The Project Charter in an Agile Environment


I am now moving on in my review of the Agile Practice Guide to Chapter 5:  Implementing Agile: Delivering in an Agile Environment.

The previous chapter was about creating an agile environment.   This chapter will get into the nuts and bolts of how to implement a project in that agile environment.

The first pages of the chapter, pp. 49 and 50, deal with the project charter in an agile environment.

Before we move on to this discussion, let’s review what function the project charter serves in a traditional project environment.   In this way, it will make it easier to compare how a project charter is created in a traditional vs. agile environment.

Based on what PMI says in the 6th Edition of the PMBOK guide, the purpose of a project charter in a traditional project environment is to:

  • establish a partnership between the performing and requesting organization (the customer)
  • establish internal agreements within an organization to ensure proper delivery under the contract
  • grant formal authority to the project manager to implement the project

The project charter is drawn up by the sponsor (which could be a person or an entity such as the Project Management Office), OR the sponsor can delegate the creation of the project charter to the project manager.  (I won’t go into all of the elements of a traditional project charter; these can be found on p. 81 of the PMBOK guide.)

In an agile environment, the project charter is done by and for the project team.   The chartering process helps the team to answer the following questions:

  • Why are we doing this project?  This is the project vision.   Simply put, why does this project matter?
  • Who benefits and how?  This is the project purpose.
  • What does “done” mean for the project?  These are the project’s release criteria.
  • How is the team going to work together?  This maps out the intended flow or work.

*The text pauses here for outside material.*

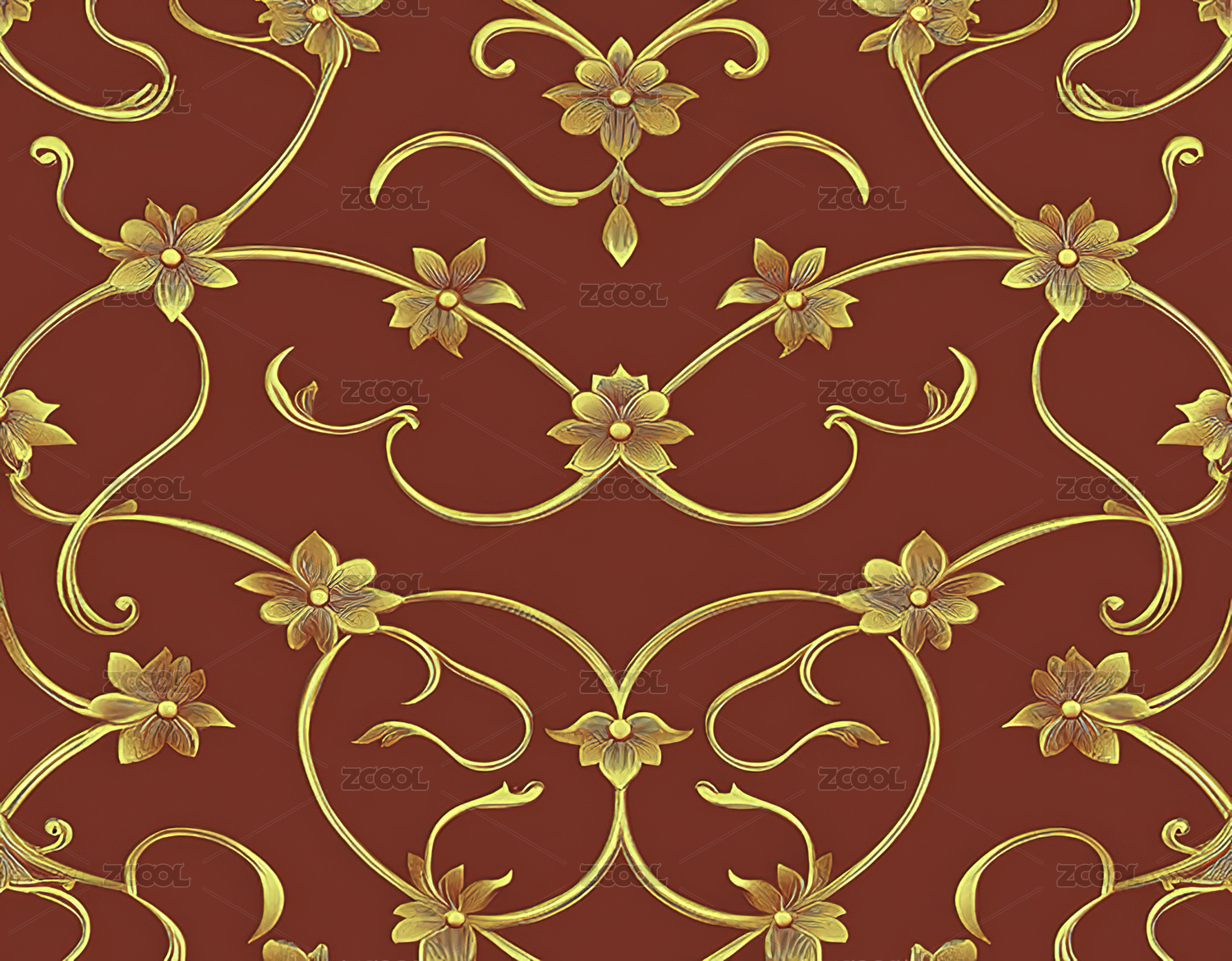 无缝金色传统喜庆花纹图案
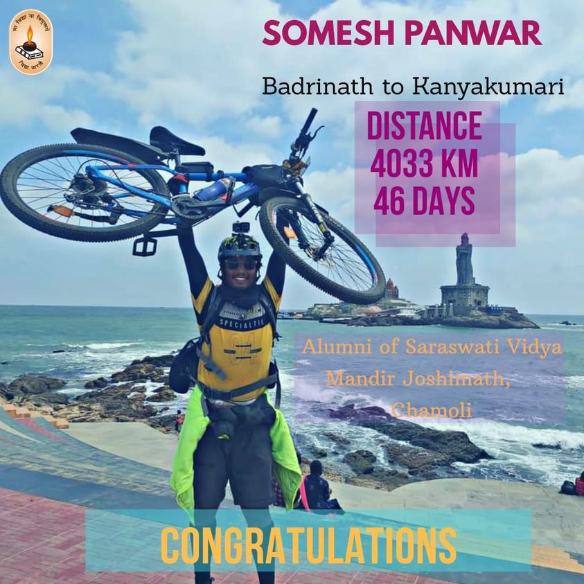 Alumni of Vidya Bharati, Somesh Panwar from Uttarakhand coverd 4033 KM in just 46 days on cycle.

Although the team goes through the chartering process together, a servant leader may facilitate the process.   Going through the process has the additional function of having the team start working together.

The emphasis in agile is not necessarily the creation of a formal document, as long as the teams come out of the process understanding how to work together.   This understanding can be referred to as a social contract.   Here are some core elements of that social contract:

  • Team values:  sustainable pace and core hours
  • Working agreements:  what does “ready” mean so the team can take in work; what does “done” mean so that the team can judge completeness consistently; respecting the timebox; respecting the work-in-process (WIP) limits
  • Ground rules:  such as one person talking in a meeting at any given time
  • Group norms:  such as how the team treats meeting times

Simply put, the project charter is a team charter which creates an agile environment in which team members can work to the best of their ability as a team.

The next section covers common agile practices, such as

5.2.1 Retrospectives

5.2.2 Backlog preparation

5.2.3 Backlog refinement

5.2.4 Daily Standups

5.2.5 Demonstrations/Reviews

5.2.6 Planning for Iteration-Based Agile

5.2.7 Execution Practices that Help Teams Deliver Value

5.2.8 Iterations and Increments Help Deliver Working Product

I will start the next post with the first practice on the list, that of retrospectives.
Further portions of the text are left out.